The Win32 debugging API is similar to the ptrace() system call interface used by some UNIX debuggers such as GDB [3] (some versions of UNIX do debugging through the /proc filesystem instead of through ptrace(), and there is nothing similar in Windows NT). To initiate a debug session, a UNIX debugger can call ptrace with a PTRACE_ATTACH request, which allows it to control the target process as if it were its parent. This is analogous to NT’s DebugActiveProcess() call. After the debugger has attached to the process, it receives SIGCHLDs when something happens to the target, or it can do a wait() or waitpid() to receive notification of events from the target. The wait() or waitpid() calls are analogous to NT’s WaitForDebugEvent() calls.

The substantial difference between the Windows NT and UNIX APIs is that a UNIX debugger can call ptrace() with a PTRACE_DETACH request to disconnect the debugger from the target. The target continues to run after the debugger is disconnected, and the parent-child relationship between the debugger and the target is destroyed. Windows NT does not provide a clean way to detach a target, i.e., there is no call to undo a DebugActiveProcess() request. Furthermore, once the process that has initiated a debugging session exits, Windows NT kills the processes that it was debugging [4]. Microsoft plans to address this issue in a later release of Windows NT (in NT 6.0 or later) [5], but for now there is no workaround.
 

Debuggers Investigated

We investigated several Microsoft debuggers for Windows NT (WinDbg, Visual C++ IDE, and ntsd) [6] [7][8] to determine if they could be used for DEFINITY ONE. Each of these appears to use the Win32 API and kills the debugged process when it exits. Since the Microsoft provided debuggers could not satisfy our requirement that they be able to cleanly detach, we investigated commercially available debuggers such as GDB, NuMega’s SoftICE [9], and Oasys MULTI [10]. These exhibited the same problem.

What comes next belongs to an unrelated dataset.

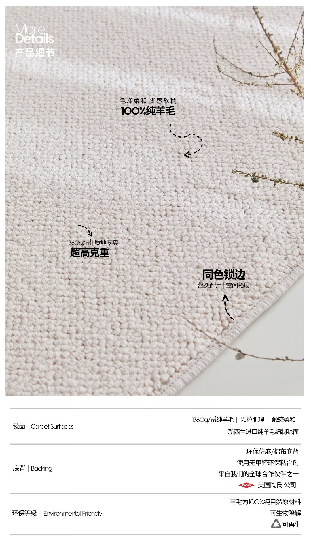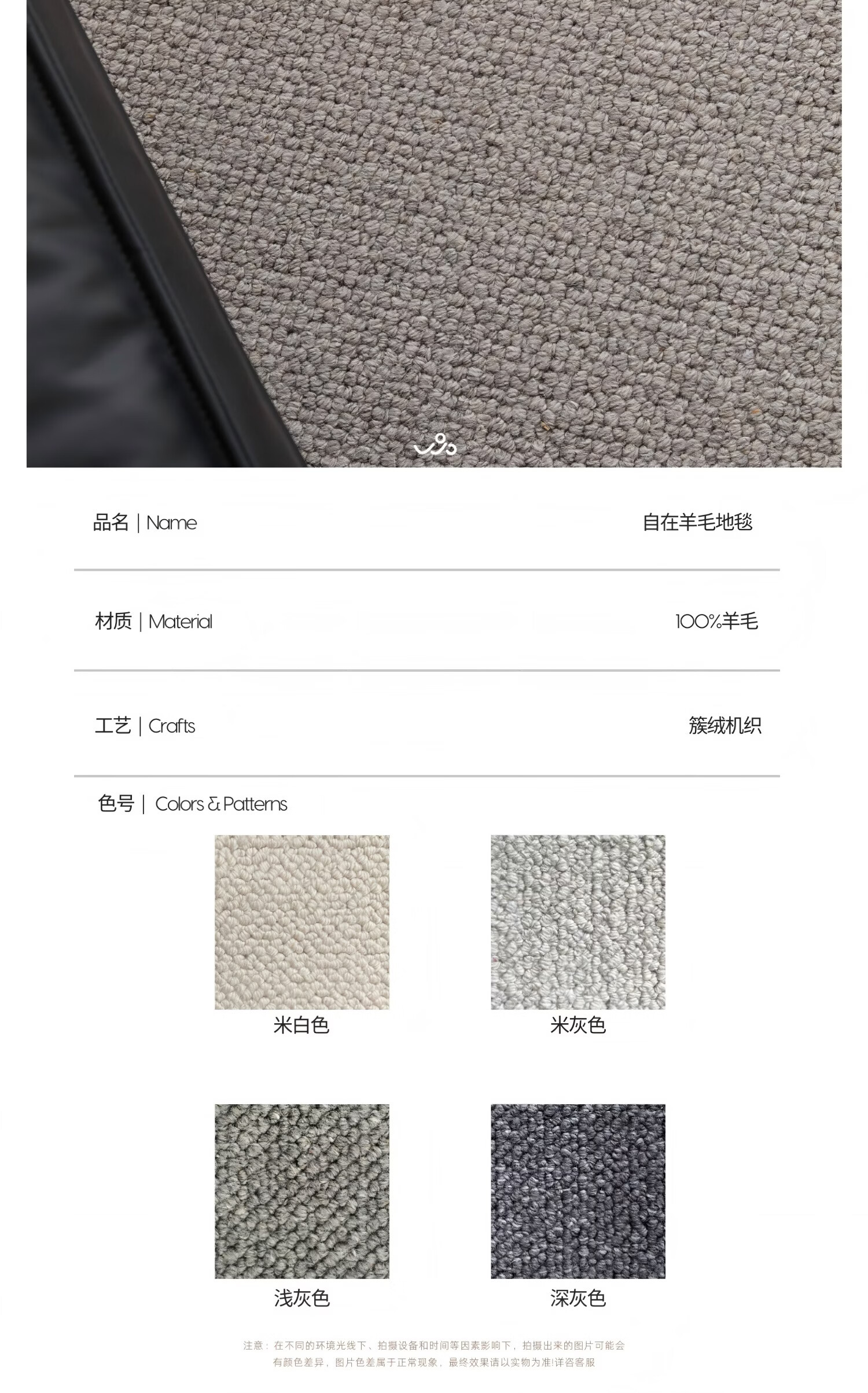 WOOCARPT新西兰进口纯羊毛素色家用客厅地毯茶几沙发轻奢高级感无甲醛地垫 燕麦白【进口羊毛】 70*140cm

Many other debuggers have been built for multithreaded applications on different operating systems [11][12][13], and multi-process, non-intrusive debuggers have also been built [14]. These debuggers have all been built either by using the native debugger API provided by the operating system or extending it to meet the needs of the debugger. Building a debugger (or adopting one of these debuggers) on Windows NT using the debugging API is not acceptable for the reasons discussed above, and since Windows NT is not an open source operating system, it would not be possible to extend it to support one of these debuggers.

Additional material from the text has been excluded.